We have one, very loving, we have just put her out on full loan, I do hope you get an Arab, they are such a Beautiful Horse.

mandi x


----------



## laurav (Dec 27, 2008)

There was a horse horse I used to ride at the riding school I used to go to, but it closed down, so don't know what happend to her  but she was great my fav horse there. The only thing she didn't really like was having her girth tightend, because the people who had her before, used to have it too tight..poor thing
Laura


----------



## shortbackandsides (Aug 28, 2008)

Lots of horses dislike this,i would never have a hot headed horse again,quiet cobs for me now


----------



## Arabmare (Feb 23, 2008)

I have two chestnut Arabs! I love them to bits!


----------



## silver_pigeon (Mar 25, 2008)

Lol, a chestnut and an arab, perhaps the most firey mix but then you can get some quiet and lovely ones too!

They're all so different, the one I used to love and ride was very highly strung and a right handful, but very caring and gentle with it!


----------



## Arabmare (Feb 23, 2008)

My Arabs have four white feet too!! 3 supposedly bad things! My girls are so sweet and loving, wouldn't change them for anything in the world!

Here is Jasmine, she is 24 years old now:



















This is Shantih she is 11 soon!


----------



## JANICE199 (Feb 1, 2008)

How stunning! shear elegance...


----------



## Natik (Mar 9, 2008)

lovely horses and they move so elegant!  and great pictures too


----------



## Arabmare (Feb 23, 2008)

Thankyou


----------



## bee112 (Apr 12, 2008)

The mare you are jumping looks the spit of my old mare.. 
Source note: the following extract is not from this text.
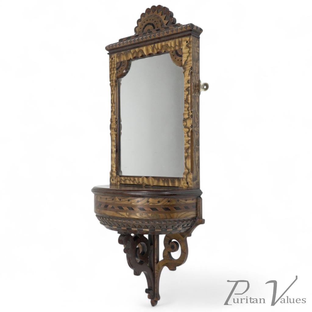 The main body looks to be made from Hungarian Ash with a floral crown made from Walnut to the upper back, then Satinwood crowned with chevron details and ebonized dots and conforming semi-circular inlaid ebonized details, with quartered conforming details to the top mirror corners.

Gorgeous! You're so lucky!


----------



## ~jo~ (Jan 10, 2009)

Not all chestnut mares/ arabs are hotheaded same as not all cobs are plods.
I have just sold a chesnut mare and although not a novise ride she was a very sane lady


----------



## DiamondHooves (Mar 19, 2008)

hi iv owned my arab for 25years got him when he was 4 mouth old he is the best arab i have met he always looks after me but i do think arab like olny having one home one carrer as when i go away somtime he go very sade and whont eat till i come home


----------



## joey (Jul 13, 2008)

I have an Arab. Beautiful horses! Very spirited


----------